Level Up your RAG: Tuning Embeddings on Vertex AI
Premises: This blog post is intended for demonstration only. The context, the code and image samples provided are intended for educational purposes and should not be considered within a commercial context.
Despite recent advancements, Large Language Models (LLMs) still face several challenges when used to enhance information retrieval and search applications. One significant challenge is hallucination, where LLMs generate information based on their interpretation of a query, potentially lacking in factuality.
Retrieval-Augmented Generation (RAG) is a solution to address this issue. RAG leverages a retrieval component to identify relevant information in a knowledge base before passing it to the LLM for generation. The retrieval component ensures the relevance of the retrieved information by leveraging a text embedding model and similarity-based ranking between queries and content. Consequently, its generated output is grounded to verified data.
In this scenario, a meaningful representation of both queries and content is essential for effective retrieval. However, pre-trained LLMs do not guarantee this representation for retrieval tasks with specific data. Fine-tuning the embedding model with retrieval-specific domain data is expected to significantly improve information retrieval capabilities.
On Google Cloud, Vertex AI provides a text-embeddings API to create text embeddings with pretrained textembedding-gecko and textembedding-gecko-multilingual text embedding models. In this article, you will learn how to tune the textembedding-gecko text embedding model for adapting to your retrieval-specific domain data.
By the end of this reading, you will have a better understanding of the process involved in tuning a text embedding model, covering key steps such as preparing the embeddings dataset, running a tuning job, evaluating model performance, and deploying the tuned model to retrieve relevant content.
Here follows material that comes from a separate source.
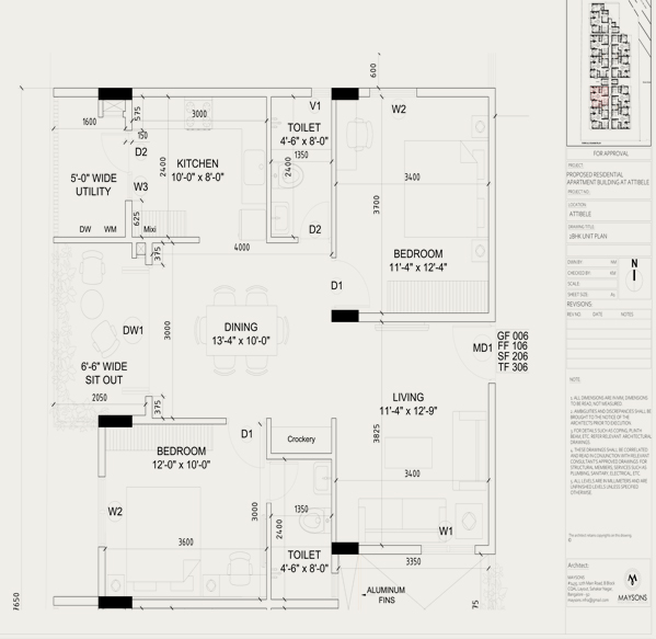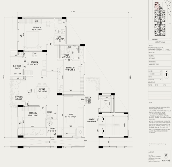 03 BHK Type-2 Unit Plan, SBUA = 1250.73 SQ.FT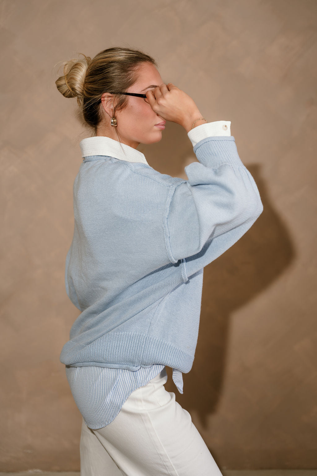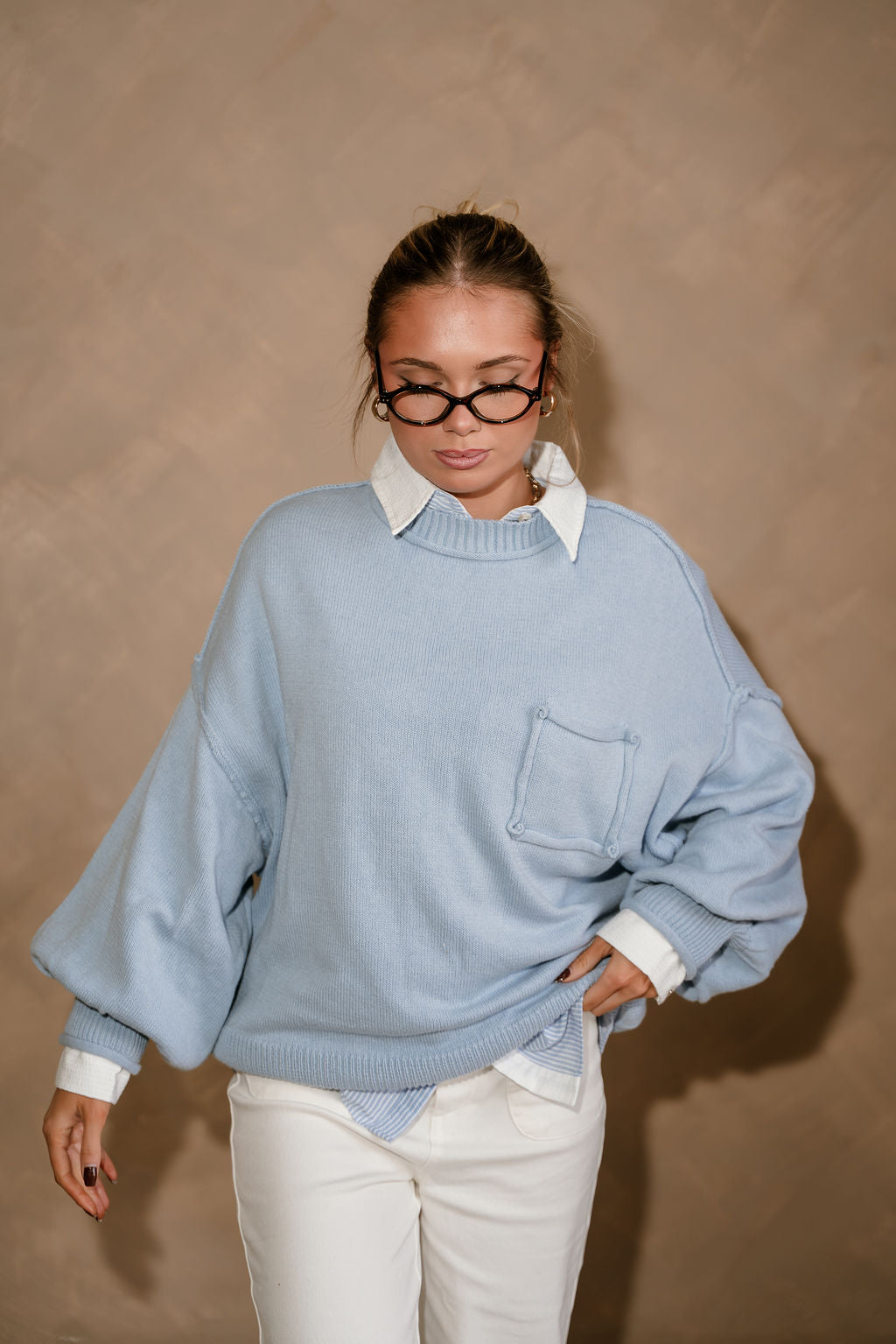 The Luna Light Blue Knit Sweater is a cozy essential with charming details. Designed in a soft light blue knit fabric, this sweater features a classic round neckline and a front chest pocket for a touch of casual style. Long balloon sleeves add volume and a modern silhouette, while the ribbed hem provides a polished finish. Easy to style and endlessly comfortable, the Luna sweater is perfect for pairing with your favorite denim or layering over everyday looks.

Introduction to text embeddings on Vertex AI
On Google Cloud, Vertex AI’s text-embeddings API enables users to generate their text embeddings. The API offers various versions of Gecko, a well-performing, condensed and flexible text embedding model. Gecko’s retrieval performance results from a fundamental concept: extracting knowledge from expansive language models (LLMs) and incorporating it into a retriever. To know more about Gecko, check out the original paper.
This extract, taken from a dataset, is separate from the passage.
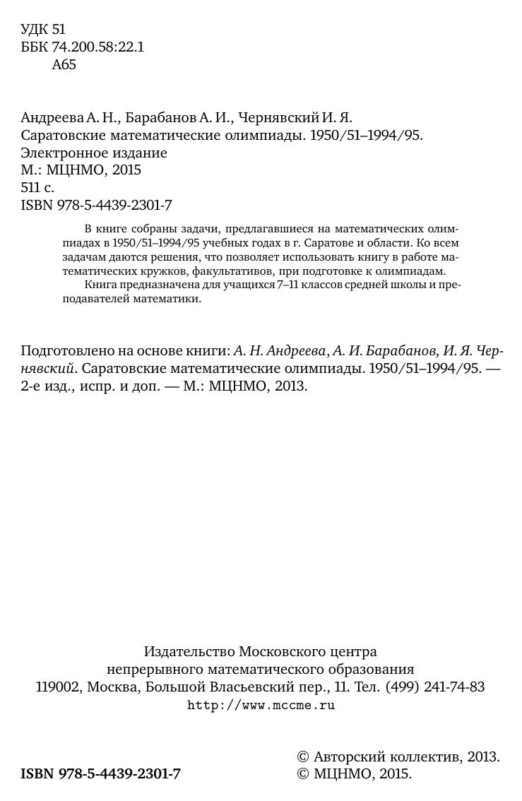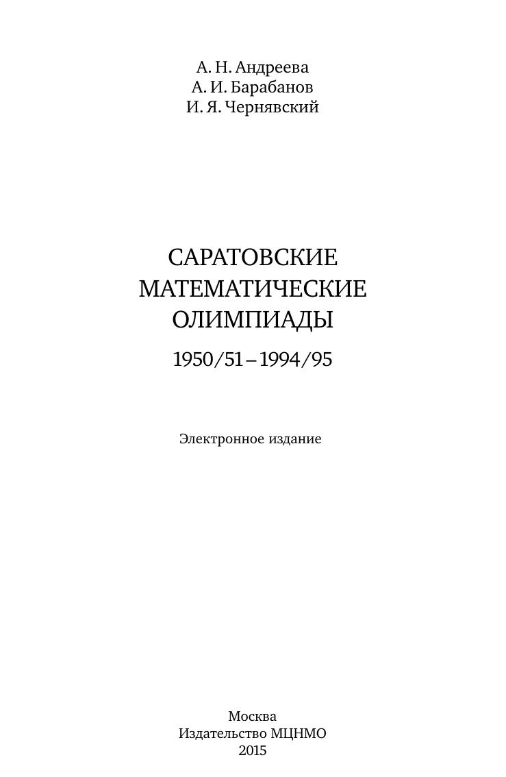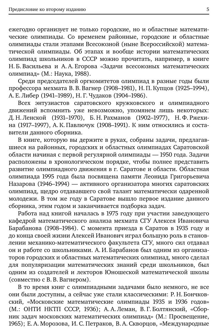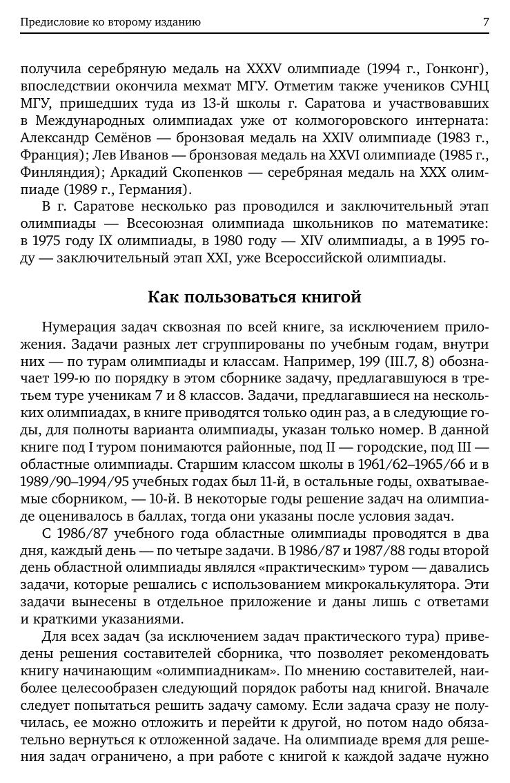 В книге собраны задачи, предлагавшиеся на математических олимпиадах в 1950/51–1994/95 учебных годах в г. Саратове и области. Ко всем задачам даются решения, что позволяет использовать книгу в работе математических кружков, факультативов, при подготовке к олимпиадам. Книга предназначена для учащихся 7–11 классовсреднейшколыи преподавателей математики.

On Vertex AI you can choose between the textembedding-gecko and textembedding-gecko-multilingual models depending on the languages of the document you want to represent. Also you can condition the way the embeddings are generated according to the downstream application and get better quality embeddings. For example, you can set RETRIEVAL_QUERY and RETRIEVAL_DOCUMENT tasks to specify that the query and the document are consumed for search and retrieval purposes respectively. Another parameter you can set is related to the dimensionality of the generated embeddings for storage optimization.
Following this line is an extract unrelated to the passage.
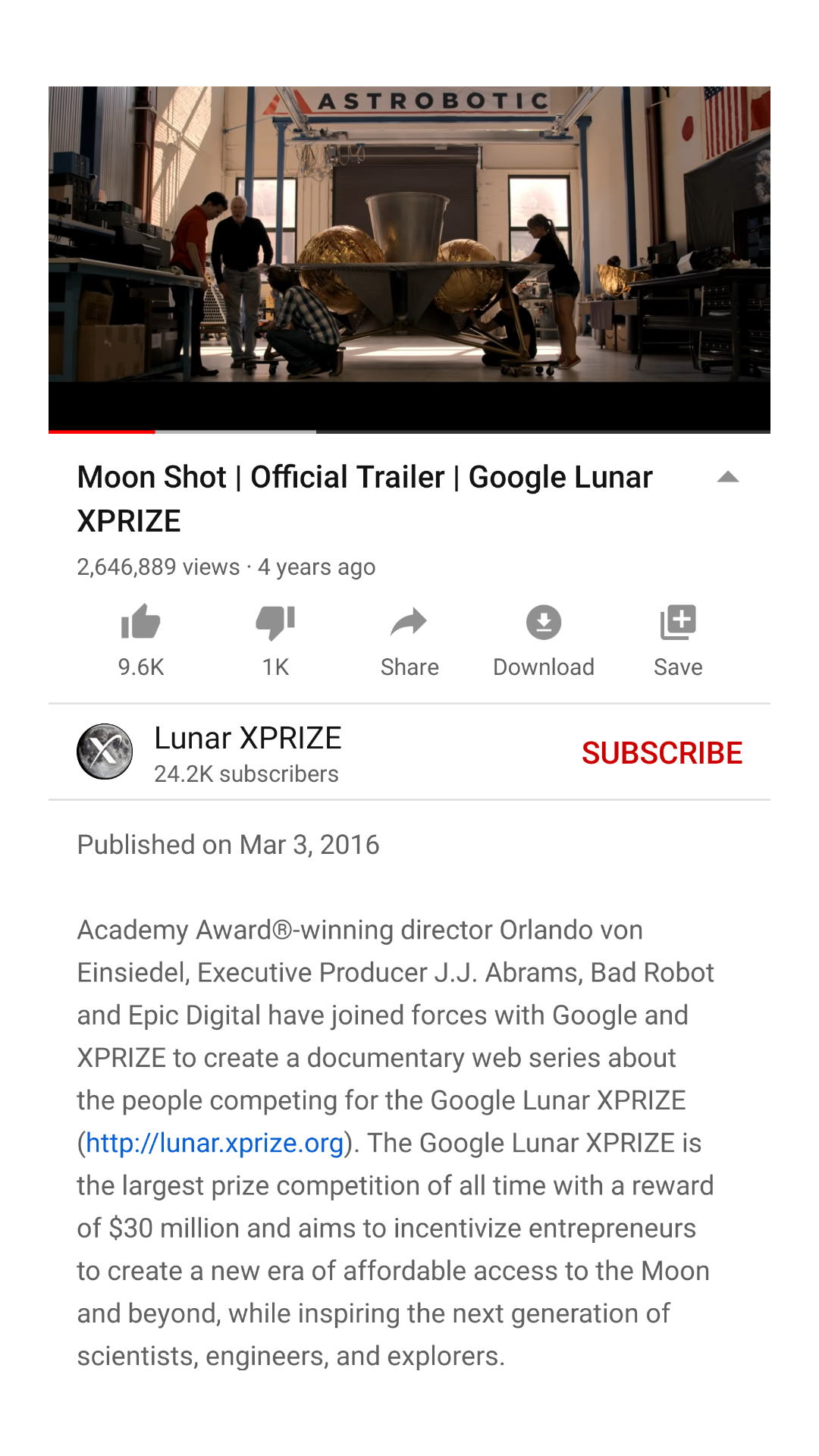 For a video of the Google Lunar XPRIZE watch Moonshot, an online 9 part video series following the teams. See below the Google Lunar XPRIZE Moon Shot Trailer from Academy Award winning director Orlando von Einsiedel & Grain Media, Executive Producer J.J. Abrams, Bad Robot and Epic Digital.

Both textembedding-gecko and textembedding-gecko-multilingual text embeddings foundation models have been trained on a large set of general text data. And if your use case involves domain-specific data (like financial documents), you may need to fine-tuning the text embedding model in order to enhance the performance of the RAG application you are developing.
In research, there are several approaches to fine-tune a text embedding model. For example, Cloud AI research recently introduced a novel framework, Search-Adaptor, for customizing LLMs for information retrieval in an efficient and robust way. According to the paper, Search-Adaptor does not require access to the LLM weights and modifies the pre-trained LLM embeddings by learning from paired query-document data, yielding significantly improved retrieval performance on target tasks.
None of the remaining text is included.